Schon stehen wir vor dem Portal des Hauptgebäudes. Ich blicke zu dem Fenster empor, hinter dem Alma gefangen sitzt. Weshalb reißt er den Fensterflügel nicht auf? Weshalb hat er nicht schon längst um Hilfe gerufen? Eine hämische, eine tückische Stimme in mir will das so deuten, als hätte er sich »durch das Blut Christi und die Gnade Gottes«, die ich sonst immer bezweifelt habe, dennoch gerettet, durch verschlossene Türen hindurch. Aber die andere Stimme, die lebensmutige, sagt mir, daß mir die Probe nicht erspart wird, daß unser armer Alma eingeschlafen ist, von der Hitze betäubt, daß er in Ohnmacht auf seiner Bank liegen muß und daß, wenn wir nicht kommen, seine Augenblicke gezählt sind.
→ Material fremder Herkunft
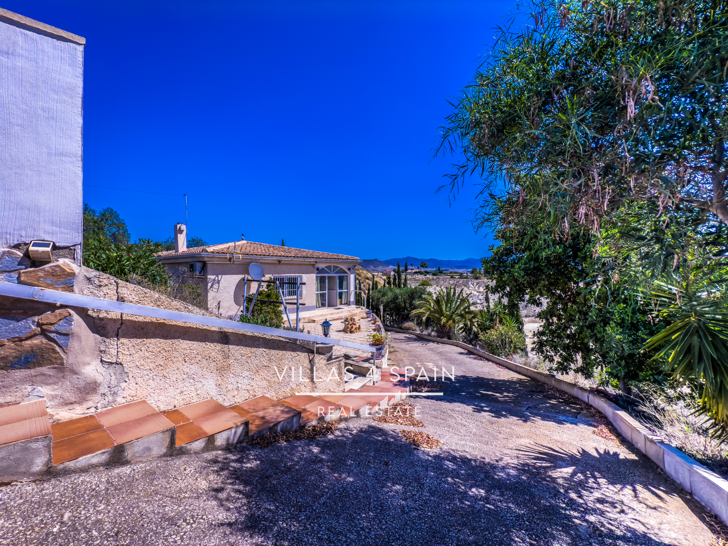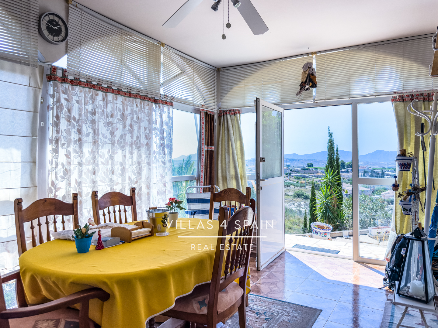 Velkommen til denne exceptionelle villa med 2 soveværelser og 3 badeværelser i hjertet af Los Baños de Fortuna, Murcia, der tilbyder et utroligt potentiale for et gæstehus i underetagen med en betagende udsigt over bjergene.
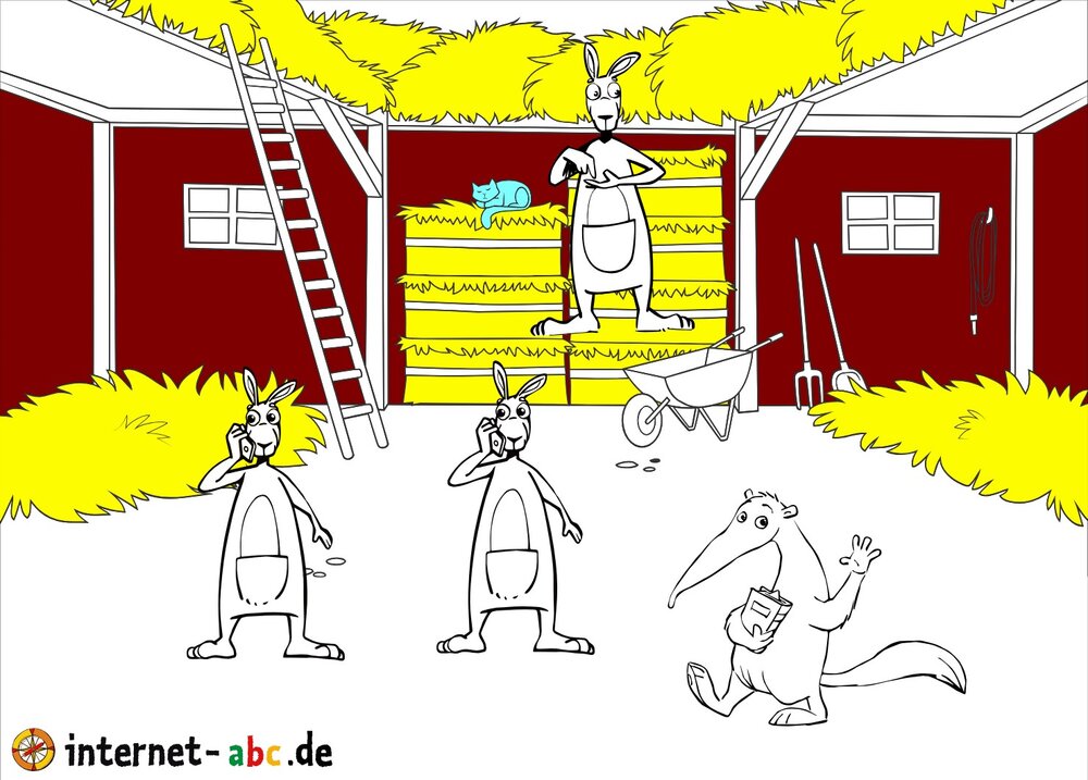 Mit Eddie zu den Hühnern? Mit Flizzy das Heu in die Scheune bringen? Malt ein Bauernhof-Bild mit dem Internet-ABC und schreibt eine schöne Geschichte dazu!
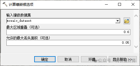 建议在运行【构建接缝线】或【平衡镶嵌数据集色彩】工具之前使用计算镶嵌候选项。输入镶嵌数据集轮廓线表格中的 Candidate 新字段将确定在这些操作中要使用的影像。
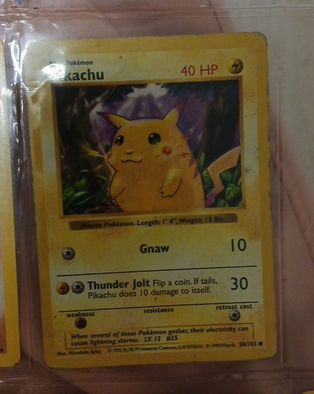 Selling a Pikachu Pokemon trading card. The card features Pikachu, a Mouse Pokemon, with a length of 1' 4" and weight of 13 lbs. It has attacks like Gnaw and Thunder Jolt. Card number is 58/102

Denn schon rieselt zu unsern Füßen schwerer Rauch umher. Was soll nun bei mir entscheiden? Ich weiß, was sein muß, aber ich kann es nicht! Aus der Ferne kommt das Glockensignal der Feuerwehr der Nachbarstadt. Die Glocke auf ihrem Wagen ähnelt im Klang der Schelle der Milchhändler, die mich als schlafendes Kind auf dem halbmondförmigen Sofa geweckt und von dem Nachtschrecken befreit hat. Ist ja nur ein Traum, sage ich mir. Keine Angst! Ein Traum mehr zu den andern, und von jetzt an, nach diesem letzten Schritt, den Träumen abgesagt! Los! Vorwärts, beherrsche dich! Hast du keinen Funken Courage? Immer schwerer wird die Wolke um uns, sie reicht schon an die Schultern, und immer giftiger wird ihr Hauch. »Es muß sein«, sage ich laut. »Los!« Die Feigheit ist gefährlicher als der Mut. Aber nun flüstert das andere, klügere, erbärmlichere Ich: Sind denn keine andern hier? Du mußt dich den Deinen erhalten! Dein Vater stirbt, wenn du zugrunde gehst. Sollen zwei Menschen sterben? Ist denn eine Rettung überhaupt logisch möglich? Entweder ist Alma schon erstickt, oder er hat sich gerettet. Ruhig im dunklen Zimmer sitzend wird er nicht sein Ende herangewartet haben. Dann wieder: Es muß sein!! Denn wer sonst soll es sein, der es wagt? Aber ich zittere, ich bin wie nasses Werg. Meine Lippen formen gegen meinen Willen oder nur mit dem Willen des einen Ich das Wort: »Entschuldigung!« Ratlos wanke ich, während meinen Körper eisiger Schweiß umhüllt, zitternd in der sausenden Flammenglut. Der Wind ist heute stürmischer denn je. Ich zittere, denn ich habe Angst. Angst beschreibt man nicht, Furcht wie diese erlebt man nur.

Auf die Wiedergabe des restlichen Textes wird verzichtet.